**WHAT THE TASK REQUIRES:** Write out every entry exactly as it appears, omitting the pictures.

**MATERIALS PROVIDED:**
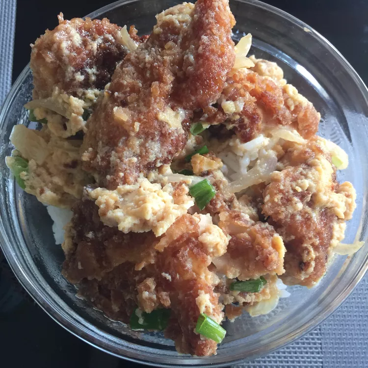 Read moreRecipe for a popular Japanese rice bowl, also known as Katsudon. Garnish with sliced green onions.
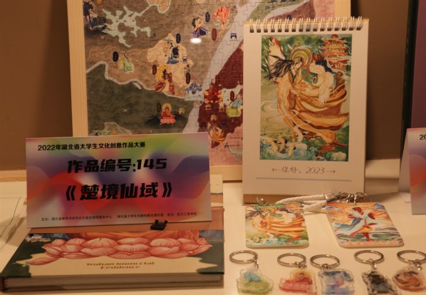 参加评审的作品充分展现了参赛大学生们的创新、创造、创业能力,既好看又好玩的荆楚木陀螺、运用国潮插画的风格绘制的长卷、兼具浓厚荆楚文化和时尚潮流文化的汉绣产品、展示武汉特色建筑和历史文化的立体书籍……文创作品各具特色,文化内涵丰富,设计新颖美观,令人目不暇接。
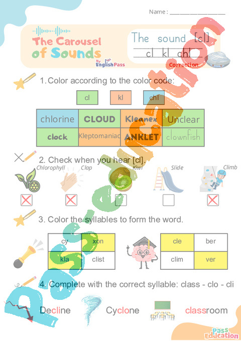 Correction [cl] cl kl chl – Phonologie anglaise – Carousel of Sounds – Fiche pdf
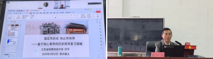 浙江省嘉兴市原高中历史教研员、正高级教师戴加平从新高考“教-学-评一致性”要求为切入点,强调“基础+视野+能力”三大基本点建构的教学策略。江苏省南菁高级中学何平老师通过教材专题整合、学术动态追踪和社会热点关联,帮助学生构建知识体系、拓展思维深度,揭示历史学科“四层四翼”的考查导向。贵州省铜仁一中张华英老师、六盘水市第二中学海亚波老师则分别围绕试题解析与教-学-评一体化路径作专题报告,为课堂教学与备考实践提供本土化经验。
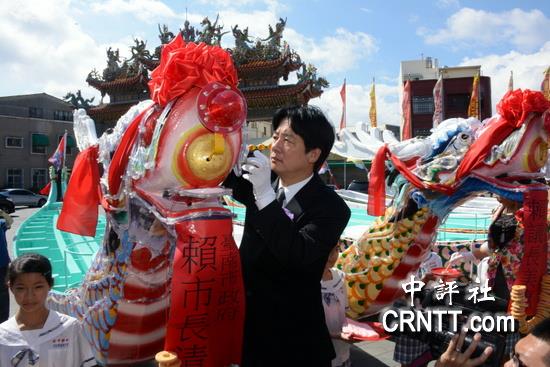 臺南市長賴清德為臺南龍舟開光點睛,歡迎大陸組隊來臺南參賽。(圖片來源:香港中評社)
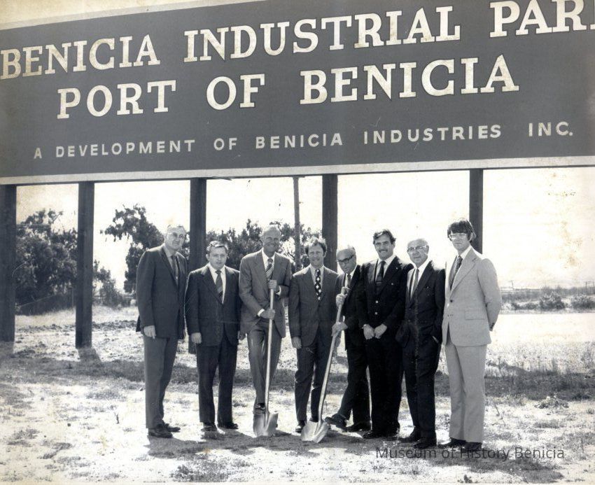 Left to right: Michael Fitzgerald, city council member; Marvin Kenny, city manager; David Stringfellow, President of Benicia Industries; Warren O'Blennis, city council member; James Lemos, Mayor of Benicia; Zeck Moreira; John Bohm, City Attorney; unidentified.Collection
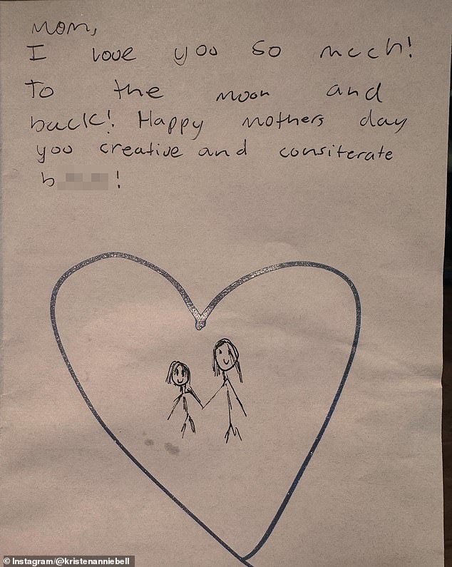 Unatoč neortodoksnom pravopisu i kreativnom nadimak, Kristenina kći – od kojih je jedna dala skandalozne komentare o privatnim dijelovima svog oca – jasno je dala jasno da joj je srce na mjestu pisanja kad je nacrtala fotografiju sebe kako se drži za ruke s majkom u njoj.
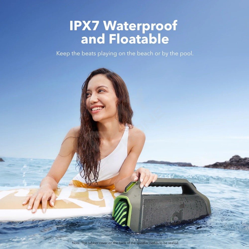 Водонепроникність і плавучість за стандартом IPX7: вулична акустична система Boom 2 Plus розроблена для будь-яких пригод, тому ви можете без турбот слухати музику на пляжі, біля басейну або під дощем.
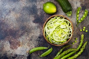 Strona główna » Ostre jak brzytwa spaghetti z cukinii! » Zucchini spaghetti or noodles (zoodles) bowl with green veggies. Top view, overhead, copy space
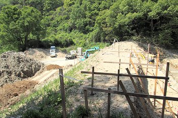 6月の梅雨期も近付いて来ましたので、急ピッチで溜め池の修復工事をしておられますのでしょうか…昨年7月の西日本豪雨で堤防が決壊したのでしょうか…とにかく、補強工事か修復工事が進行中。
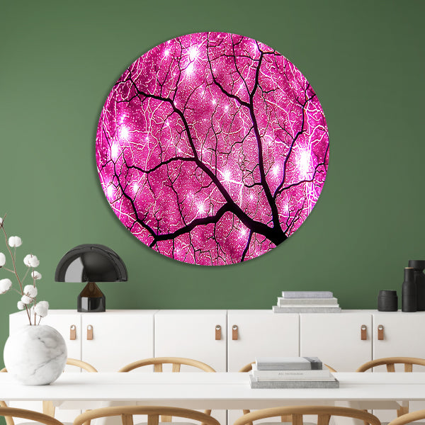 De afbeelding van de abstracte boom met fel lichtstralen geeft een speelse en kunstzinnige touch aan elke ruimte. Of je nu van strak en minimalistisch houdt of juist van een meer eclectische stijl, deze muurcirkel past perfect in elk interieur.
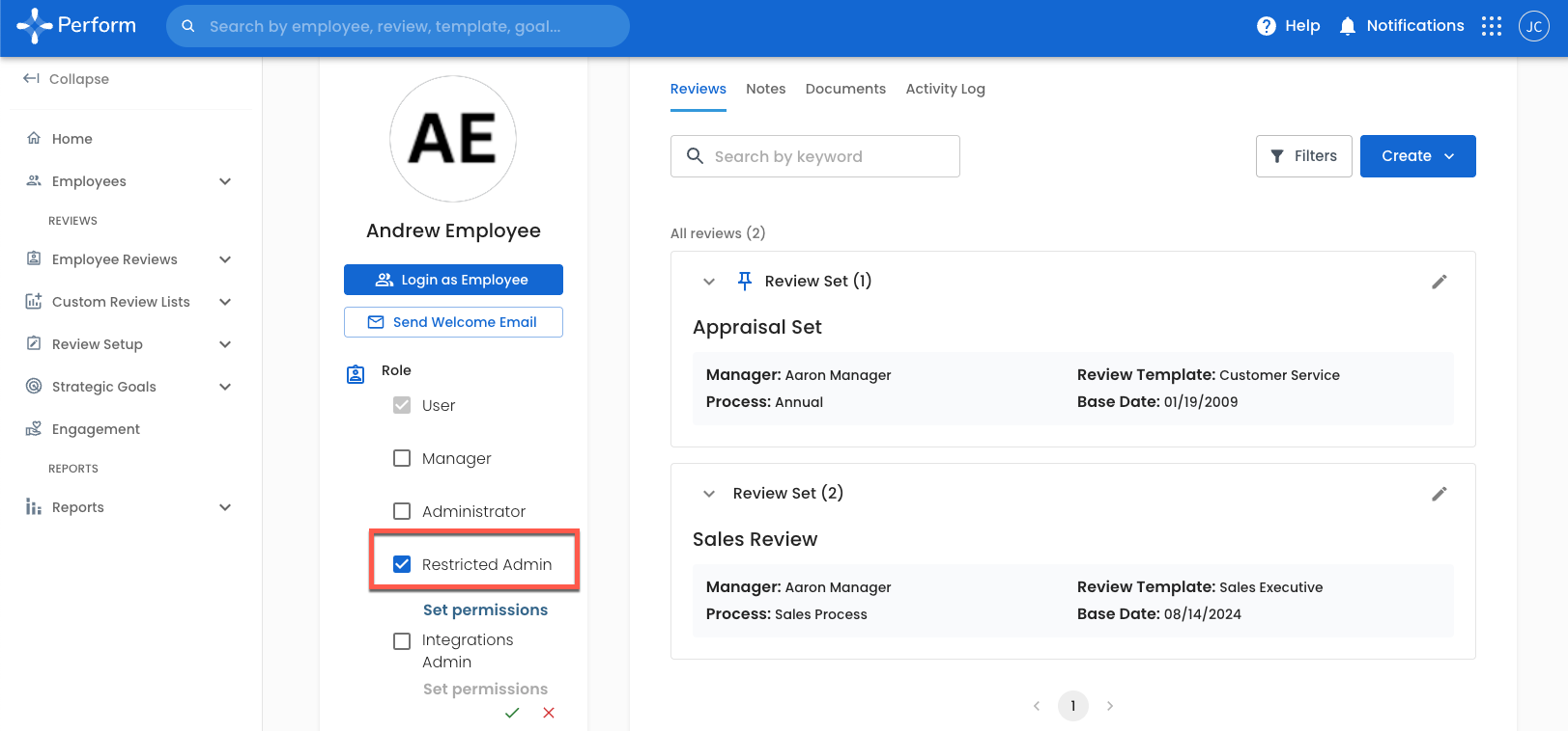 If you currently do not have the option for Restricted Admin within Perform, reach out to your account manager or the support team!
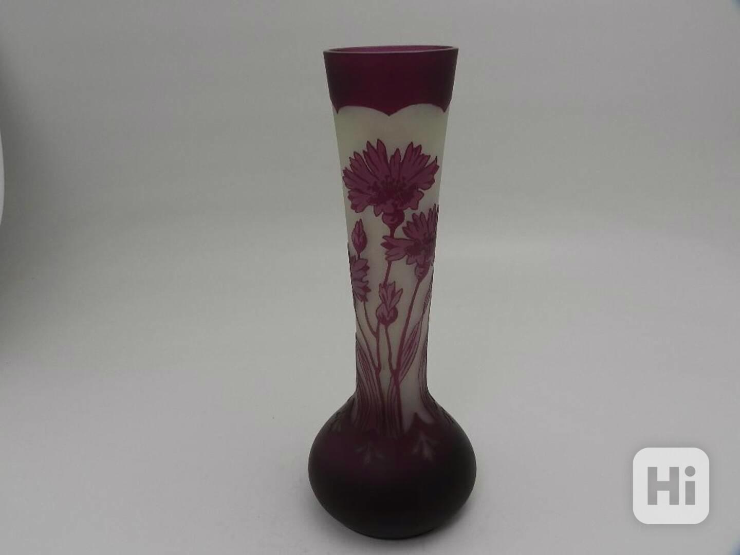 Hezká secesní fialová autorská Váza, vrstvené broušené sklo, matovaný povrch.
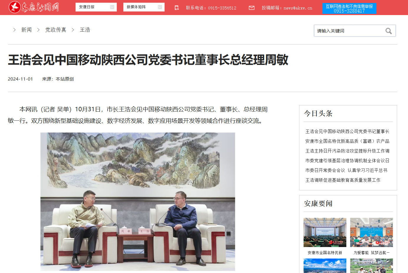 《王浩會(huì)見中國(guó)移動(dòng)陜西公司黨委書記董事長(zhǎng)總經(jīng)理周敏》(2024-11-01發(fā)布)
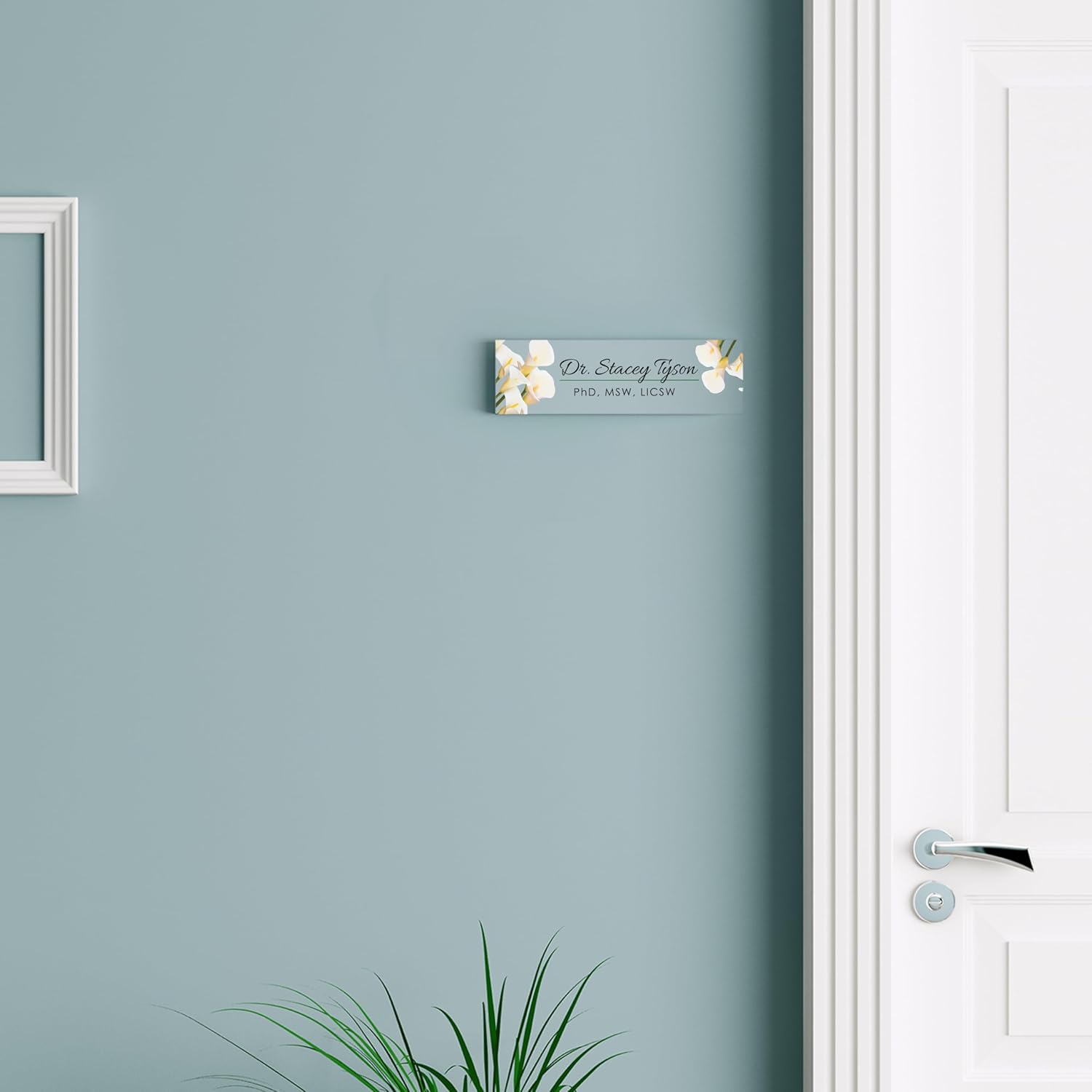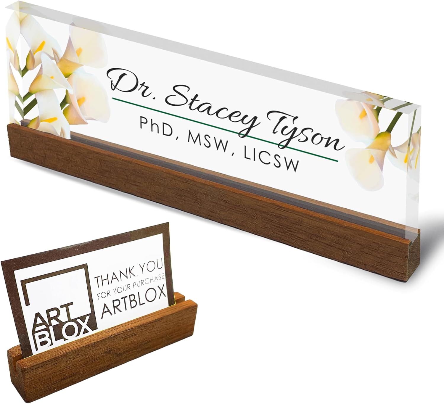 Artblox Personalized Office Desk Name Plate and Business Card Holder | Clear Acrylic Glass with Teak Wood Stand | Calla Flowers Design Customized with Your Name and Credentials Office Desk Decor

**EXERCISE RESPONSE:**
 Read moreRecipe for a popular Japanese rice bowl, also known as Katsudon. Garnish with sliced green onions.
 参加评审的作品充分展现了参赛大学生们的创新、创造、创业能力,既好看又好玩的荆楚木陀螺、运用国潮插画的风格绘制的长卷、兼具浓厚荆楚文化和时尚潮流文化的汉绣产品、展示武汉特色建筑和历史文化的立体书籍……文创作品各具特色,文化内涵丰富,设计新颖美观,令人目不暇接。
 Correction [cl] cl kl chl – Phonologie anglaise – Carousel of Sounds – Fiche pdf
 浙江省嘉兴市原高中历史教研员、正高级教师戴加平从新高考“教-学-评一致性”要求为切入点,强调“基础+视野+能力”三大基本点建构的教学策略。江苏省南菁高级中学何平老师通过教材专题整合、学术动态追踪和社会热点关联,帮助学生构建知识体系、拓展思维深度,揭示历史学科“四层四翼”的考查导向。贵州省铜仁一中张华英老师、六盘水市第二中学海亚波老师则分别围绕试题解析与教-学-评一体化路径作专题报告,为课堂教学与备考实践提供本土化经验。
 臺南市長賴清德為臺南龍舟開光點睛,歡迎大陸組隊來臺南參賽。(圖片來源:香港中評社)
 Left to right: Michael Fitzgerald, city council member; Marvin Kenny, city manager; David Stringfellow, President of Benicia Industries; Warren O'Blennis, city council member; James Lemos, Mayor of Benicia; Zeck Moreira; John Bohm, City Attorney; unidentified.Collection
 Unatoč neortodoksnom pravopisu i kreativnom nadimak, Kristenina kći – od kojih je jedna dala skandalozne komentare o privatnim dijelovima svog oca – jasno je dala jasno da joj je srce na mjestu pisanja kad je nacrtala fotografiju sebe kako se drži za ruke s majkom u njoj.
 Водонепроникність і плавучість за стандартом IPX7: вулична акустична система Boom 2 Plus розроблена для будь-яких пригод, тому ви можете без турбот слухати музику на пляжі, біля басейну або під дощем.
 Strona główna » Ostre jak brzytwa spaghetti z cukinii! » Zucchini spaghetti or noodles (zoodles) bowl with green veggies. Top view, overhead, copy space
 6月の梅雨期も近付いて来ましたので、急ピッチで溜め池の修復工事をしておられますのでしょうか…昨年7月の西日本豪雨で堤防が決壊したのでしょうか…とにかく、補強工事か修復工事が進行中。
 De afbeelding van de abstracte boom met fel lichtstralen geeft een speelse en kunstzinnige touch aan elke ruimte. Of je nu van strak en minimalistisch houdt of juist van een meer eclectische stijl, deze muurcirkel past perfect in elk interieur.
 If you currently do not have the option for Restricted Admin within Perform, reach out to your account manager or the support team!
 Hezká secesní fialová autorská Váza, vrstvené broušené sklo, matovaný povrch.
 《王浩會(huì)見中國(guó)移動(dòng)陜西公司黨委書記董事長(zhǎng)總經(jīng)理周敏》(2024-11-01發(fā)布)
 Artblox Personalized Office Desk Name Plate and Business Card Holder | Clear Acrylic Glass with Teak Wood Stand | Calla Flowers Design Customized with Your Name and Credentials Office Desk Decor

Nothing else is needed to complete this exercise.